• WHAT YOU WILL DO
Each line from the one containing "Tentoonstelling van schilderijen" to the end of the data must be copied exactly, the first and last included; no other lines and no pictures belong in the copy.

• DATASET SECTION
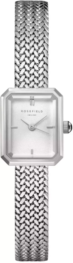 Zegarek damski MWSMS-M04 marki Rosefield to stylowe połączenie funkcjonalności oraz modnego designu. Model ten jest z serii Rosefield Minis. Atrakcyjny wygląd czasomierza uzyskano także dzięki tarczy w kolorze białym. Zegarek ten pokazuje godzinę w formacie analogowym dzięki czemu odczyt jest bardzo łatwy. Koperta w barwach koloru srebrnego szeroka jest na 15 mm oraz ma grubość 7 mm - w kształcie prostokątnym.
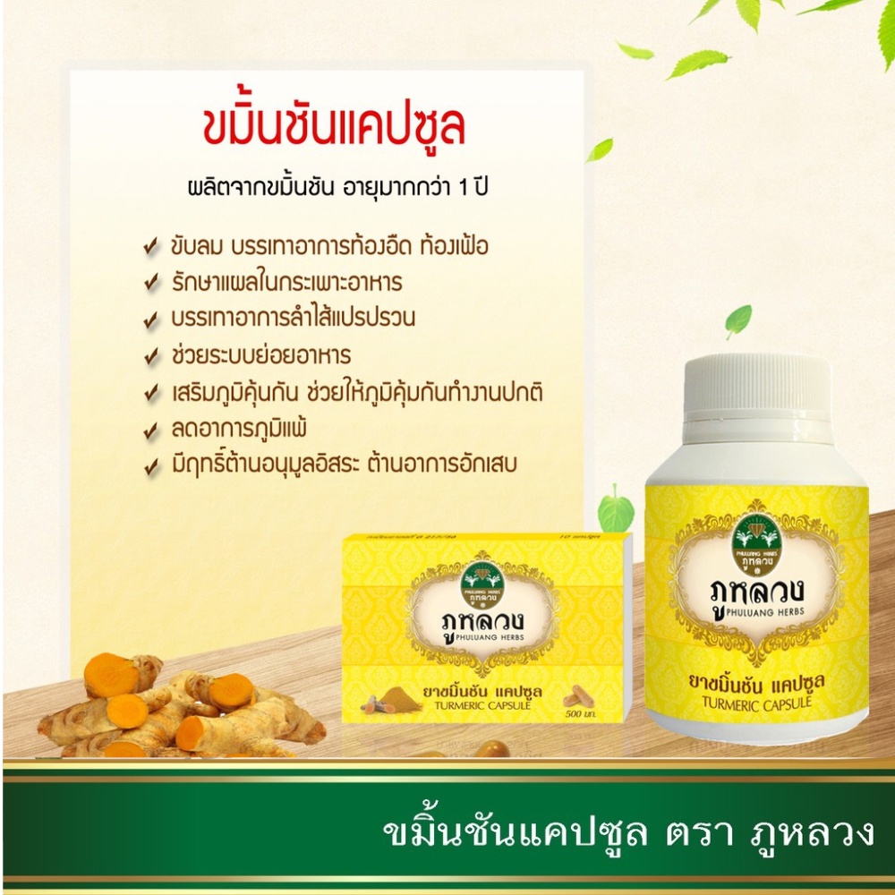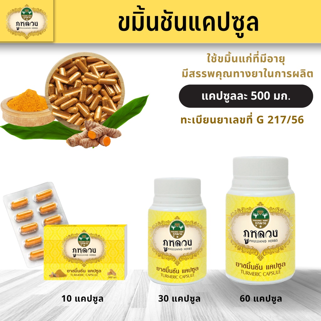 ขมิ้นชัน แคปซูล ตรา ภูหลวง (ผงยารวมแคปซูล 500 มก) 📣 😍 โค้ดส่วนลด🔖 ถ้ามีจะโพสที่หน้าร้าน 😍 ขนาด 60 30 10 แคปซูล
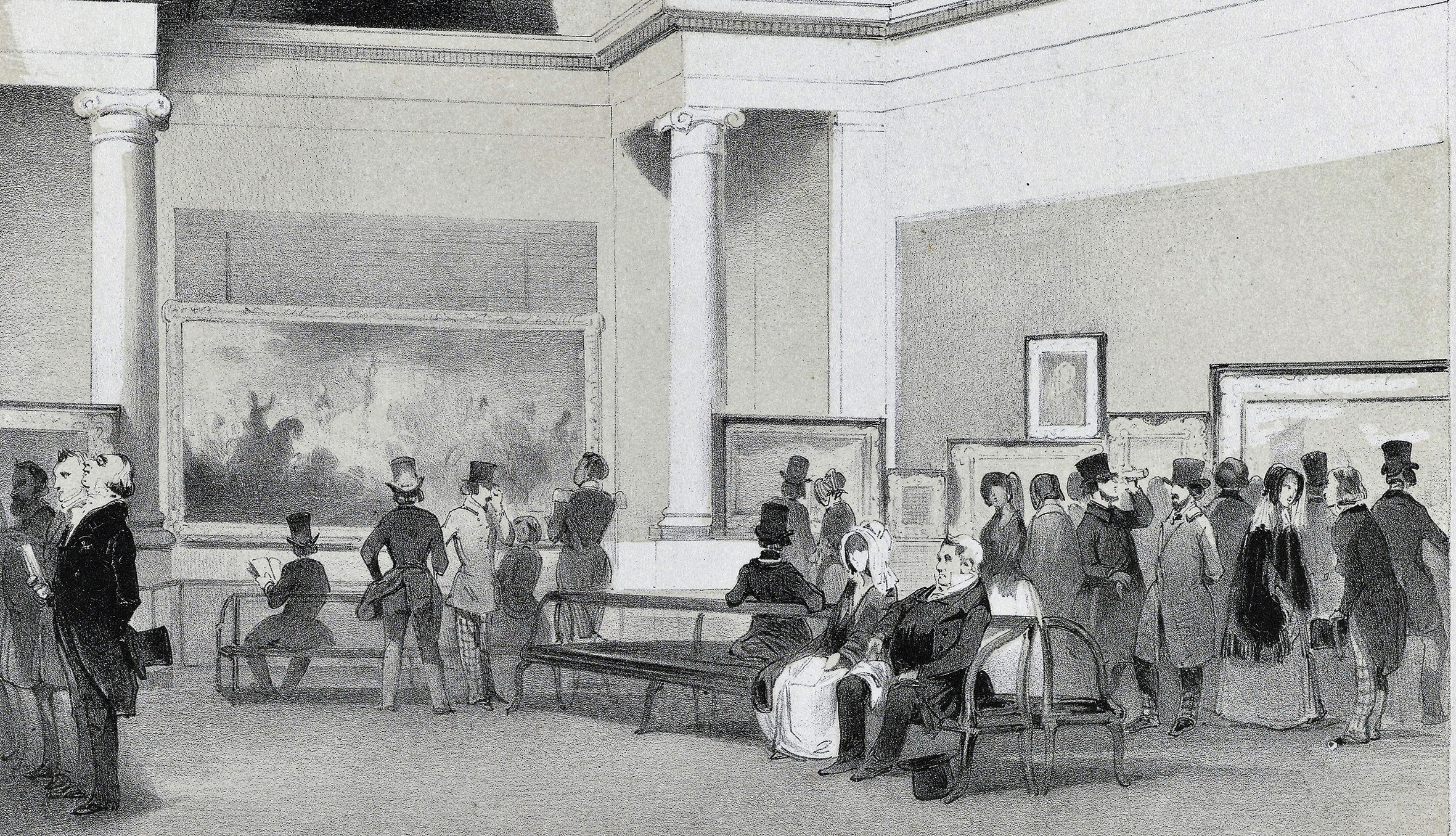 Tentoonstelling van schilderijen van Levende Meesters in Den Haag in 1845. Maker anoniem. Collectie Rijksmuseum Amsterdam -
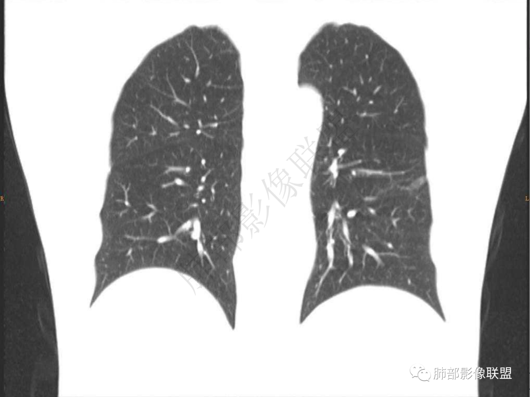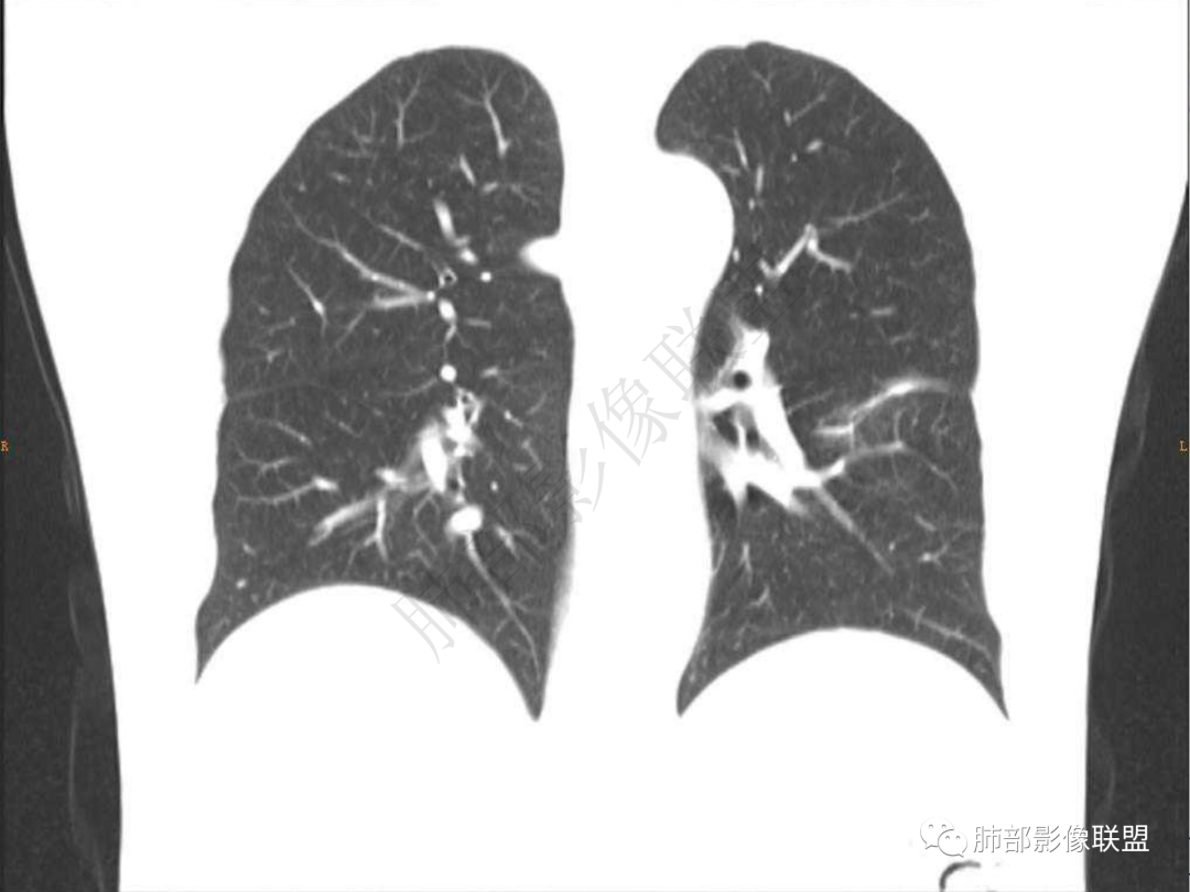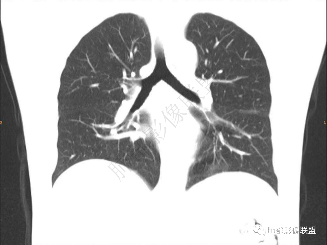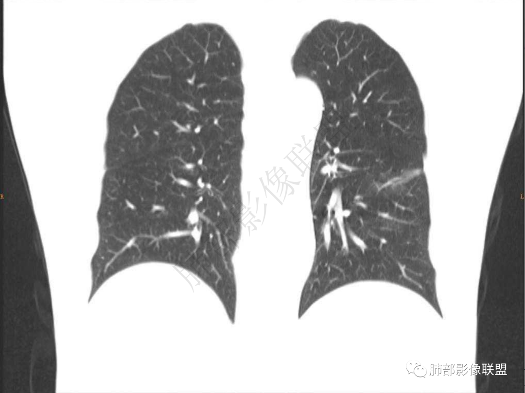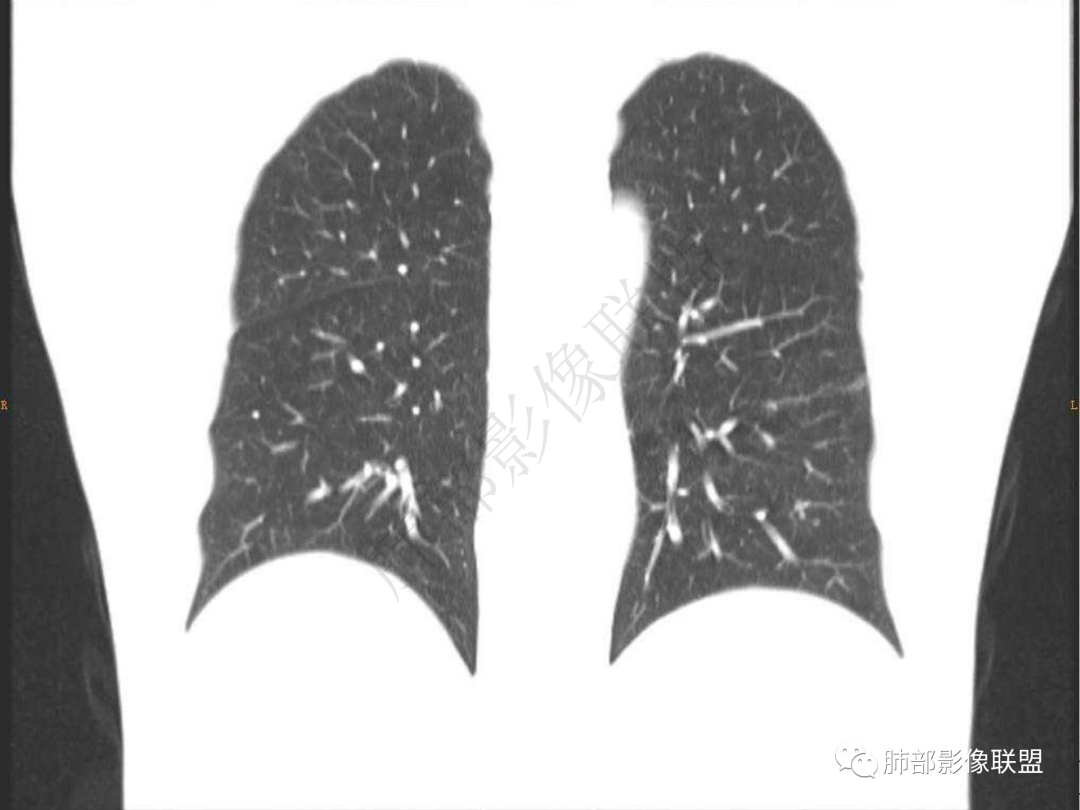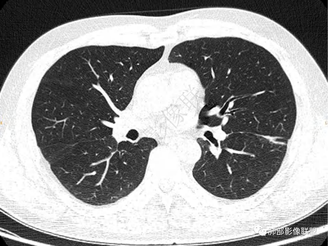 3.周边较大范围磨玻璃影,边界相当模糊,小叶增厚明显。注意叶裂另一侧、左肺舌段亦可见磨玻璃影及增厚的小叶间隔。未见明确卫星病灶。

• RESPONSE TO THIS EXERCISE
 Tentoonstelling van schilderijen van Levende Meesters in Den Haag in 1845. Maker anoniem. Collectie Rijksmuseum Amsterdam -
 3.周边较大范围磨玻璃影,边界相当模糊,小叶增厚明显。注意叶裂另一侧、左肺舌段亦可见磨玻璃影及增厚的小叶间隔。未见明确卫星病灶。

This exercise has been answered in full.